The Atlanta Chamber Players performed a concert of music by Prokofiev and Schumann at the Shakespeare Tavern Playhouse Tuesday evening. The group’s special guest was Cuban-born violinist Andrés Cárdenes, professor of violin at Carnegie Mellon University School of Music in Pittsburgh, who over the course of his career has been active as violinist, violist, teacher, conductor and concertmaster.
Cárdenes received a second prize in the 1982 Tchaikovsky International Violin Competition in Moscow, and has appeared as soloist with an extensive list of orchestras on four continents. As a chamber musician, Cárdenes is actively a member of both the Carnegie Mellon Piano Trio, with cellist Anne Martindale Williams and pianist David Deveau, and of the esteemed Diaz Trio, along with violist Roberto Díaz and cellist Andrés Díaz — Chilean-born brothers who grew up in Atlanta and are well-known to the city’s longtime classical music patrons.
Elizabeth Pridgen, the Atlanta Chamber Players’ artistic director and pianist, first performed with Cárdenes in the very early years of the McDuffie Center for Strings at Mercer University down in Macon, thanks to a visit there by the Diaz String Trio. In the years since, Cárdenes and Pridgen crossed paths again at music festivals, last performing together in 2015 at the Highlands-Cashiers Chamber Music Festival, where they joined forces with Emory University’s Vega Quartet to perform Ernest Chausson’s Concerto for Violin, Piano and String Quartet. The performance inspired them all to record an album that included that work, plus Cárdenes and Pridgen playing the Violin Sonata of Gabriel Fauré — a recording to be released on the Artek Recordings label in early 2018. It’s only natural that Pridgen would call upon Cárdenes to appear with Atlanta Chamber Players.

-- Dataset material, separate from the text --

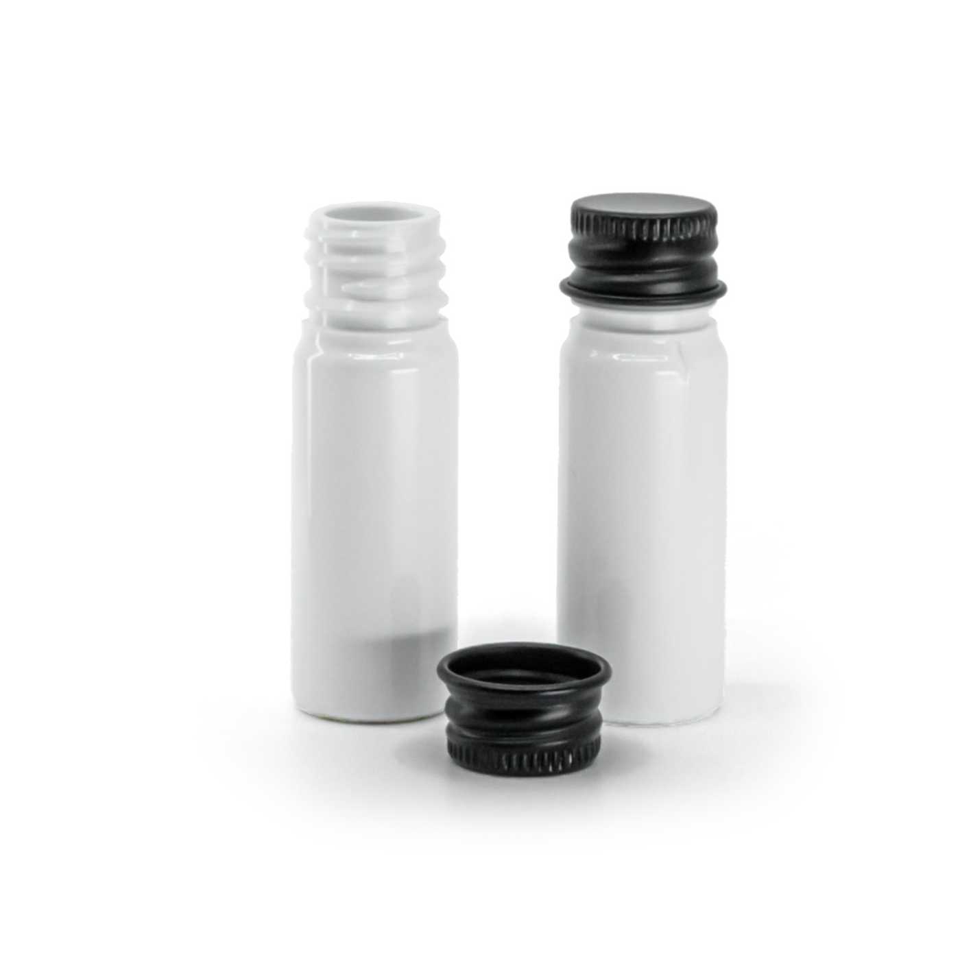 Plastová lahvička, lékovka, bílá, černý hliníkový uzávěr, 10 ml
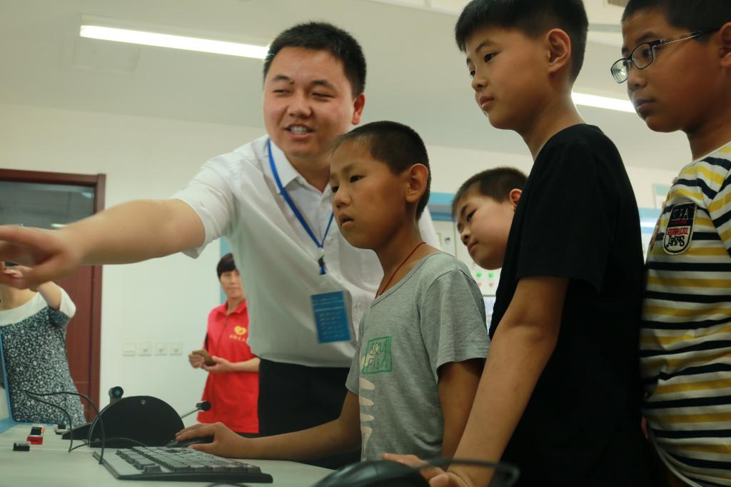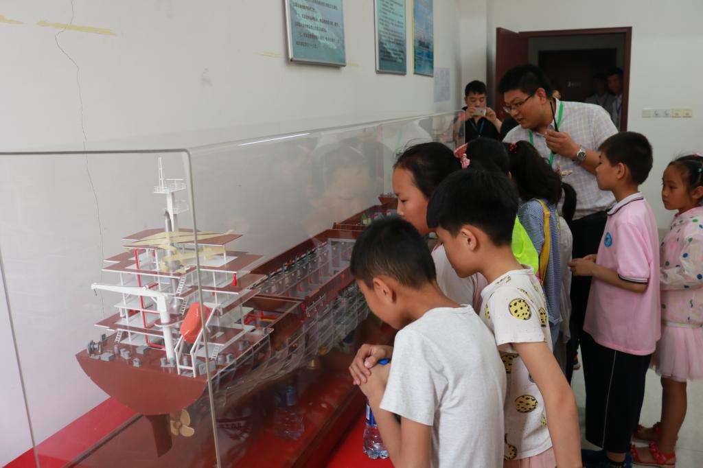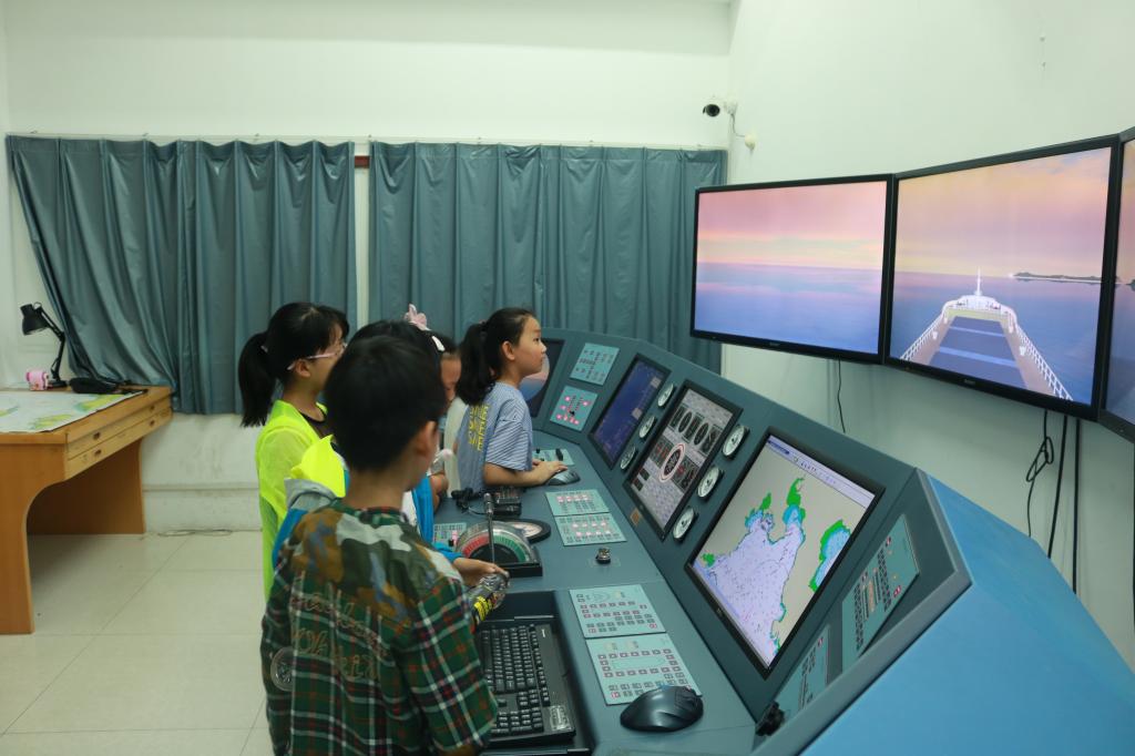 蓝海小学的26名小学生在老师和志愿者的带领下,参观了航海模拟器(BRM)、船模陈列室、精通急救实训室、轮机模拟器(ERM)及航空实训楼。在航海模拟器实训室,志愿者带领小学生们真实体验了大风浪天气中船舶的操控;在精通急救实训室,小学生们在志愿者的引导下进行了系统的心肺复苏术的学习,进行了现场模拟训练,了解急救方面的知识;最后,学生们进入了模拟机舱,了解了机舱基本构造和船舶动力的来源及机械运转的原理。

Cárdenes and Pridgen opened Tuesday’s program with “Five Melodies” by Sergei Prokofiev, a rather lyrical excursion, and no wonder: Prokofiev originally wrote the pieces as vocalises for Ukrainian soprano Nina Koshetz in 1920, as “Five Songs without Words,” two years after he fled the October Revolution and came to the United States for a while to try to secure a professional foothold in this country as a composer and pianist. In 1925 Prokofiev reworked these exquisite miniatures, idiomatically adapting them for violin and piano, with the violin part incorporating such characteristic nonvocal techniques as double stops, pizzicati and harmonics, and a range far beyond the capacity of a human voice.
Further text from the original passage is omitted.